▸ **Problem statement**
The answer is the full listing restated exactly, without any pictures.
Collected material Block Start
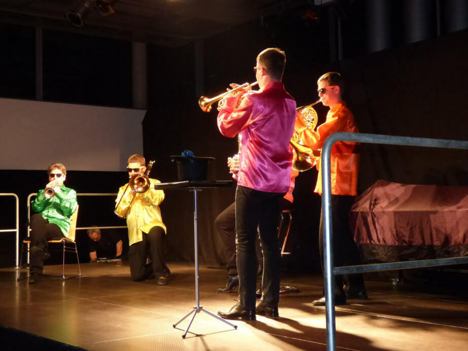 Treten fünf ausgezeichnete Bläser mit einem Zauberer auf, kann das nur „The Magic Brass Show“ sein. Beim Gastspiel im Wildoner Schloss wurde die doppelte Show von einem jungen Talent getoppt: Livia Jammernegg aus Wildon verzauberte mit Magier Paul Sommersguter (Bildmitte) das große Publikum. „Dead or Alive“ hieß das Programm, das zeigte, wie lebendig die Wildoner Kulturinitiative „Wild Kult“, ist: Das WildKult-Team lud zu weiteren Kabarett- Theater- und Konzertabenden, darunter zum Opernkabarett am 24. Juni mit Birgitta Wetzl & Bettina Wechselberger.
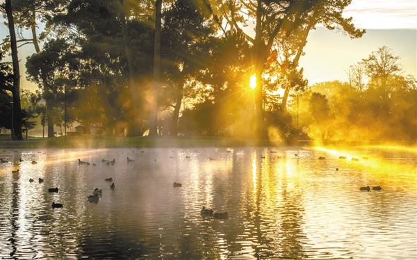 静谧清晨 这是4月20日清晨拍摄的新西兰克赖斯特彻奇哈格利公园的维多利亚湖。
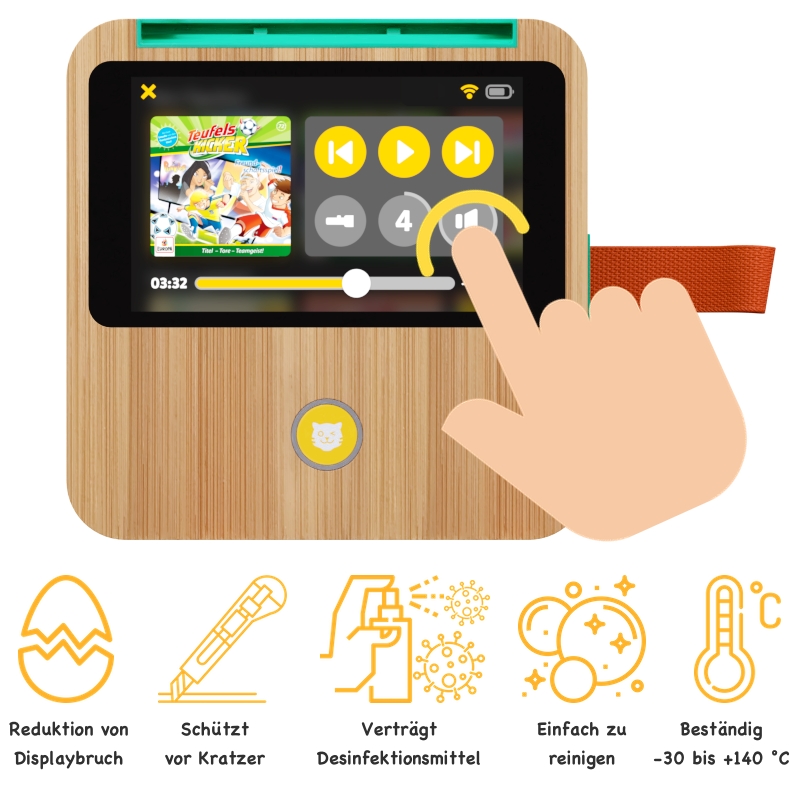 Zudem ist das OnScreen® Hybridglas speichelecht und schützt das Display der Tigerbox TOUCH effektiv gegen Kratzer und Stürze.
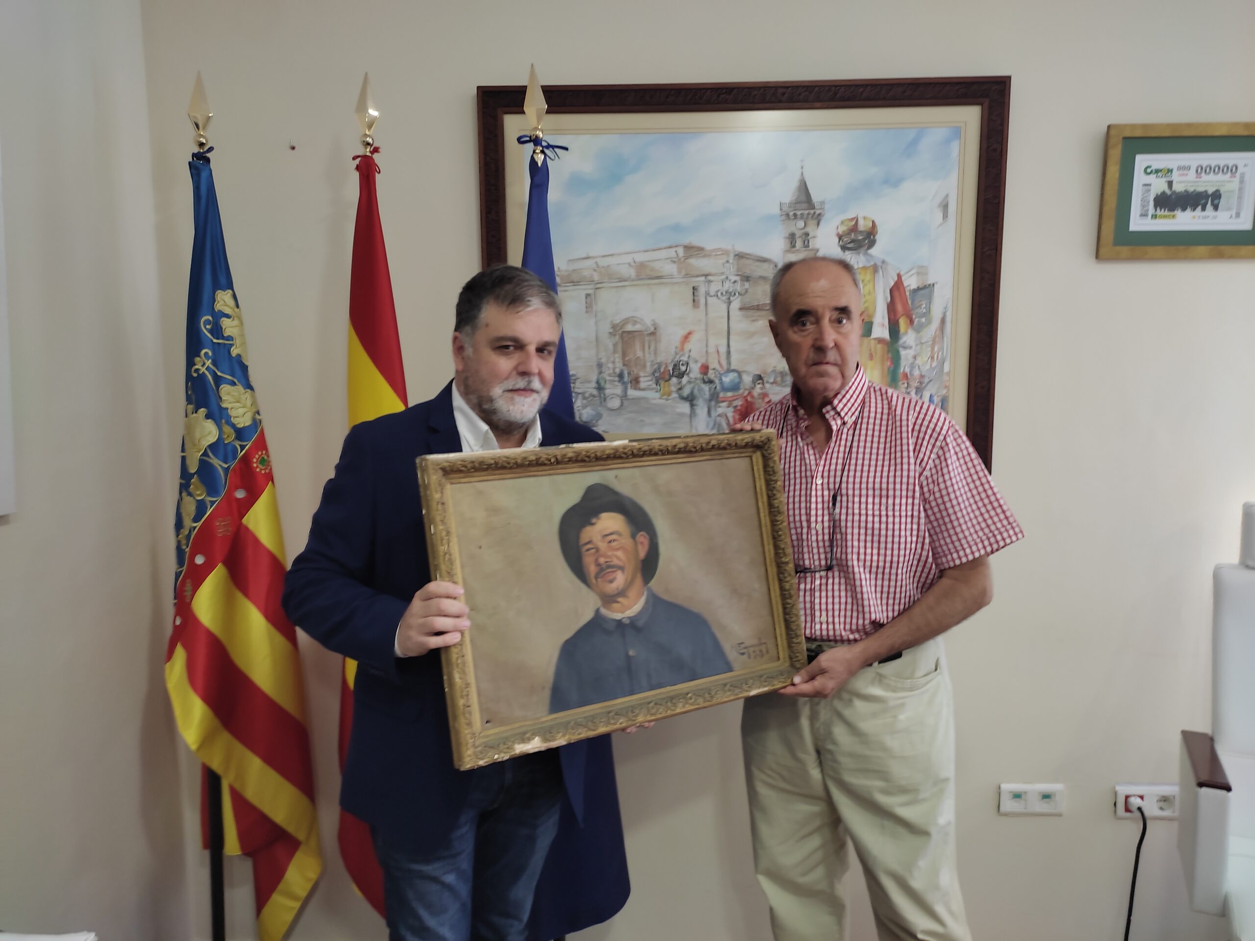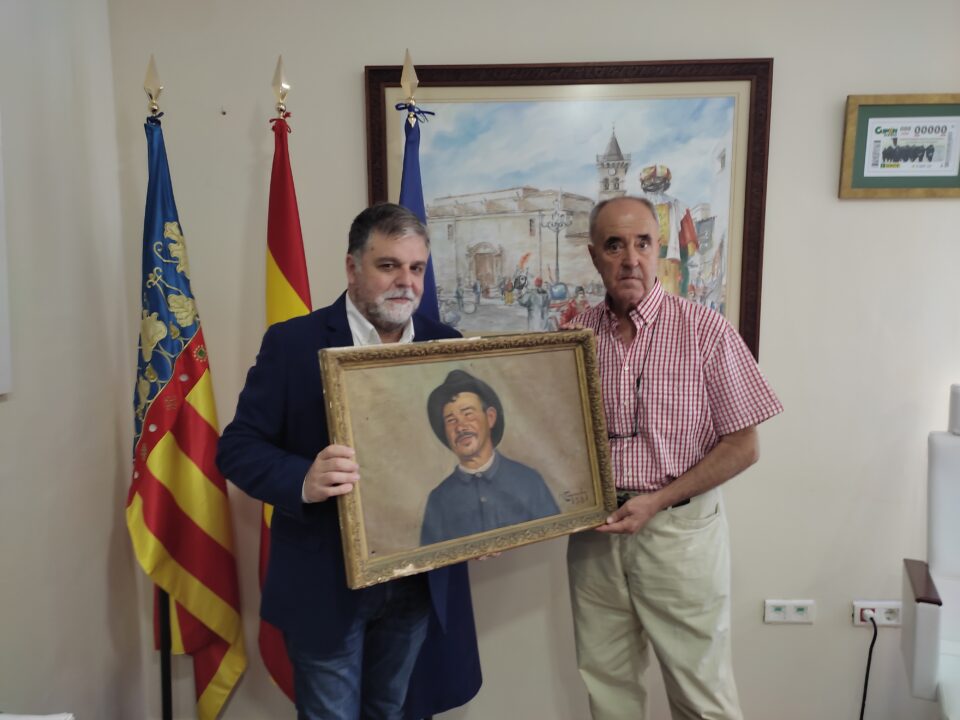 El pasado martes el cuadro El Chingo, vendo poleo, tan emblemático y con sabor popular realizado en 1909, regresó a Villena de la mano generosa de Julio Guillén Domene quien lo cedió inmediatamente a nuestro alcalde, Fulgencio Cerdán, quien como máximo representante municipal lo depósito provisionalmente en su despacho en un lugar privilegiado agradeciendo el gesto altruista que recupera para nuestra ciudad una parte de nuestra memoria pictórica, y el recuerdo de uno de nuestros artistas más emblemáticos en los albores del siglo XX.
Collected material Block End
▸ **Expected answer**
 Treten fünf ausgezeichnete Bläser mit einem Zauberer auf, kann das nur „The Magic Brass Show“ sein. Beim Gastspiel im Wildoner Schloss wurde die doppelte Show von einem jungen Talent getoppt: Livia Jammernegg aus Wildon verzauberte mit Magier Paul Sommersguter (Bildmitte) das große Publikum. „Dead or Alive“ hieß das Programm, das zeigte, wie lebendig die Wildoner Kulturinitiative „Wild Kult“, ist: Das WildKult-Team lud zu weiteren Kabarett- Theater- und Konzertabenden, darunter zum Opernkabarett am 24. Juni mit Birgitta Wetzl & Bettina Wechselberger.
 静谧清晨 这是4月20日清晨拍摄的新西兰克赖斯特彻奇哈格利公园的维多利亚湖。
 Zudem ist das OnScreen® Hybridglas speichelecht und schützt das Display der Tigerbox TOUCH effektiv gegen Kratzer und Stürze.
 El pasado martes el cuadro El Chingo, vendo poleo, tan emblemático y con sabor popular realizado en 1909, regresó a Villena de la mano generosa de Julio Guillén Domene quien lo cedió inmediatamente a nuestro alcalde, Fulgencio Cerdán, quien como máximo representante municipal lo depósito provisionalmente en su despacho en un lugar privilegiado agradeciendo el gesto altruista que recupera para nuestra ciudad una parte de nuestra memoria pictórica, y el recuerdo de uno de nuestros artistas más emblemáticos en los albores del siglo XX.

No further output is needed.